» **PROBLEM TO WORK ON**: Below are records to repeat exactly; do not include any pictures.

» **Data entries**:
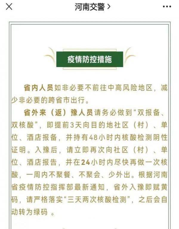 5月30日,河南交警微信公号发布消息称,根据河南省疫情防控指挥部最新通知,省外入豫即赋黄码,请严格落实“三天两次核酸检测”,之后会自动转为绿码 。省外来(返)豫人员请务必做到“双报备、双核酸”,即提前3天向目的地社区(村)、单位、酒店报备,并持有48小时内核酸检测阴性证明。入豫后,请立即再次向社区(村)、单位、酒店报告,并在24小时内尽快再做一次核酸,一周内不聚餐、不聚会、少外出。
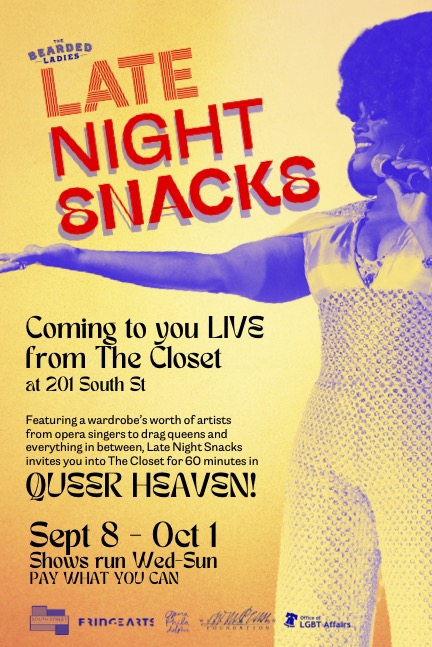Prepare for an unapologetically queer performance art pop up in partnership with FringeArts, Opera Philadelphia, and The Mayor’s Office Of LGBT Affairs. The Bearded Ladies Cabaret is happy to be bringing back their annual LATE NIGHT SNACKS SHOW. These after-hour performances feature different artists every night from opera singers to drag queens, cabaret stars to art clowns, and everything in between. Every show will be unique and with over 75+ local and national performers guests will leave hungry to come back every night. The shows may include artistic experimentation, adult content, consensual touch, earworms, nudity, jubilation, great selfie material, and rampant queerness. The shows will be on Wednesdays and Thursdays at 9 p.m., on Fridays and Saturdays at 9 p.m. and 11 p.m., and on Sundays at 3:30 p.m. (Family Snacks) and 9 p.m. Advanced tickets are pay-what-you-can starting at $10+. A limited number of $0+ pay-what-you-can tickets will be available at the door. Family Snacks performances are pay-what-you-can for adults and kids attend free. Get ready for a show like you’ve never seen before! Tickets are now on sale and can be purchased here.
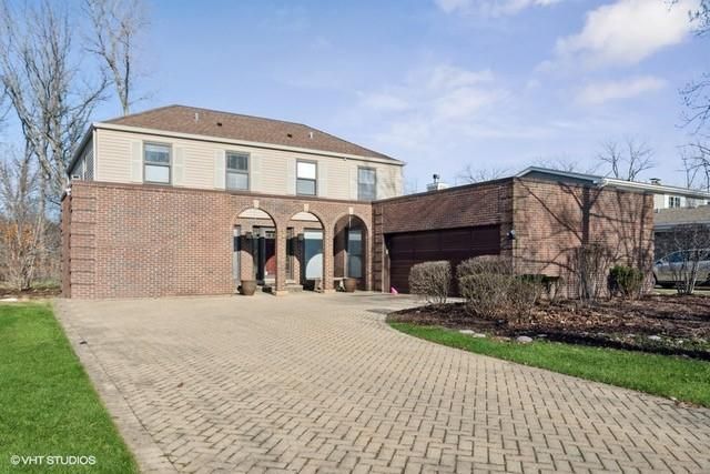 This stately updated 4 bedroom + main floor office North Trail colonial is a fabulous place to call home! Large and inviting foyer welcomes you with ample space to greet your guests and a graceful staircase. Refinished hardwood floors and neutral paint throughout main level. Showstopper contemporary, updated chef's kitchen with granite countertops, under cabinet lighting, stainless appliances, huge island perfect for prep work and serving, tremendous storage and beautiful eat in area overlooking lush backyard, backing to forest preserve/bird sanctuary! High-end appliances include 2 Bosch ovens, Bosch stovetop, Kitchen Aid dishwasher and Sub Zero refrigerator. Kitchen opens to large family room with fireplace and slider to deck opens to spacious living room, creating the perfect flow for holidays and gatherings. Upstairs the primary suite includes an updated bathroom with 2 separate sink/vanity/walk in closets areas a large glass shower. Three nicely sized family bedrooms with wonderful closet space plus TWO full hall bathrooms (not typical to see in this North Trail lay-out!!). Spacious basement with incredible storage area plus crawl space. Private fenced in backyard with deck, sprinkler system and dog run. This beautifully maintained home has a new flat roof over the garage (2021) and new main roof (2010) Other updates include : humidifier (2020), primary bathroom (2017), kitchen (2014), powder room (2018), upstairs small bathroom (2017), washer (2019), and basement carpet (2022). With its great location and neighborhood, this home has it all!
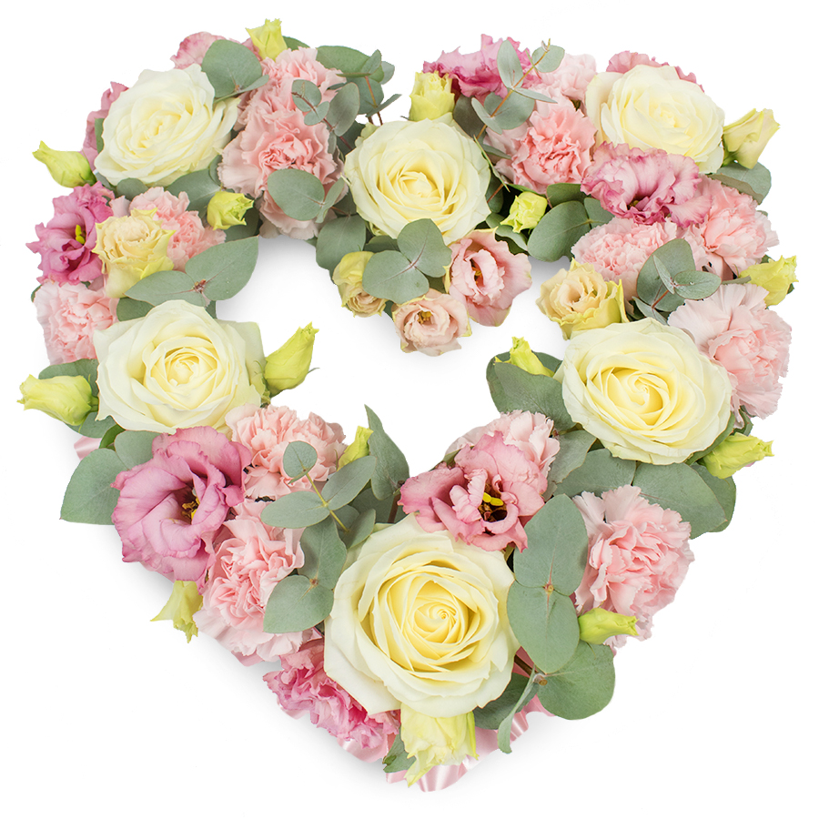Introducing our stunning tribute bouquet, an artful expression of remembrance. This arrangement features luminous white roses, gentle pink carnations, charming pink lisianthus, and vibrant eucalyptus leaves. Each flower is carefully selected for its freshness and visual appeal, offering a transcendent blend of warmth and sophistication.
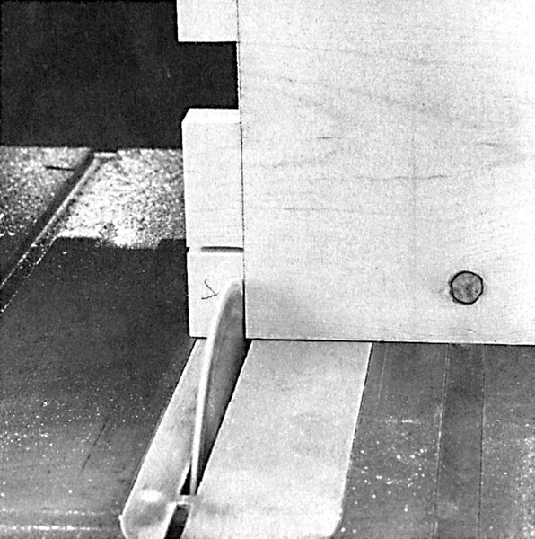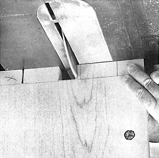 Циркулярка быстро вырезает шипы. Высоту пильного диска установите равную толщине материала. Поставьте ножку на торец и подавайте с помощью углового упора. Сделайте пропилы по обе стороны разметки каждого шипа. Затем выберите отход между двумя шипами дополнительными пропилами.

» **YOUR RESPONSE**:
 5月30日,河南交警微信公号发布消息称,根据河南省疫情防控指挥部最新通知,省外入豫即赋黄码,请严格落实“三天两次核酸检测”,之后会自动转为绿码 。省外来(返)豫人员请务必做到“双报备、双核酸”,即提前3天向目的地社区(村)、单位、酒店报备,并持有48小时内核酸检测阴性证明。入豫后,请立即再次向社区(村)、单位、酒店报告,并在24小时内尽快再做一次核酸,一周内不聚餐、不聚会、少外出。
Prepare for an unapologetically queer performance art pop up in partnership with FringeArts, Opera Philadelphia, and The Mayor’s Office Of LGBT Affairs. The Bearded Ladies Cabaret is happy to be bringing back their annual LATE NIGHT SNACKS SHOW. These after-hour performances feature different artists every night from opera singers to drag queens, cabaret stars to art clowns, and everything in between. Every show will be unique and with over 75+ local and national performers guests will leave hungry to come back every night. The shows may include artistic experimentation, adult content, consensual touch, earworms, nudity, jubilation, great selfie material, and rampant queerness. The shows will be on Wednesdays and Thursdays at 9 p.m., on Fridays and Saturdays at 9 p.m. and 11 p.m., and on Sundays at 3:30 p.m. (Family Snacks) and 9 p.m. Advanced tickets are pay-what-you-can starting at $10+. A limited number of $0+ pay-what-you-can tickets will be available at the door. Family Snacks performances are pay-what-you-can for adults and kids attend free. Get ready for a show like you’ve never seen before! Tickets are now on sale and can be purchased here.
 This stately updated 4 bedroom + main floor office North Trail colonial is a fabulous place to call home! Large and inviting foyer welcomes you with ample space to greet your guests and a graceful staircase. Refinished hardwood floors and neutral paint throughout main level. Showstopper contemporary, updated chef's kitchen with granite countertops, under cabinet lighting, stainless appliances, huge island perfect for prep work and serving, tremendous storage and beautiful eat in area overlooking lush backyard, backing to forest preserve/bird sanctuary! High-end appliances include 2 Bosch ovens, Bosch stovetop, Kitchen Aid dishwasher and Sub Zero refrigerator. Kitchen opens to large family room with fireplace and slider to deck opens to spacious living room, creating the perfect flow for holidays and gatherings. Upstairs the primary suite includes an updated bathroom with 2 separate sink/vanity/walk in closets areas a large glass shower. Three nicely sized family bedrooms with wonderful closet space plus TWO full hall bathrooms (not typical to see in this North Trail lay-out!!). Spacious basement with incredible storage area plus crawl space. Private fenced in backyard with deck, sprinkler system and dog run. This beautifully maintained home has a new flat roof over the garage (2021) and new main roof (2010) Other updates include : humidifier (2020), primary bathroom (2017), kitchen (2014), powder room (2018), upstairs small bathroom (2017), washer (2019), and basement carpet (2022). With its great location and neighborhood, this home has it all!
Introducing our stunning tribute bouquet, an artful expression of remembrance. This arrangement features luminous white roses, gentle pink carnations, charming pink lisianthus, and vibrant eucalyptus leaves. Each flower is carefully selected for its freshness and visual appeal, offering a transcendent blend of warmth and sophistication.
 Циркулярка быстро вырезает шипы. Высоту пильного диска установите равную толщине материала. Поставьте ножку на торец и подавайте с помощью углового упора. Сделайте пропилы по обе стороны разметки каждого шипа. Затем выберите отход между двумя шипами дополнительными пропилами.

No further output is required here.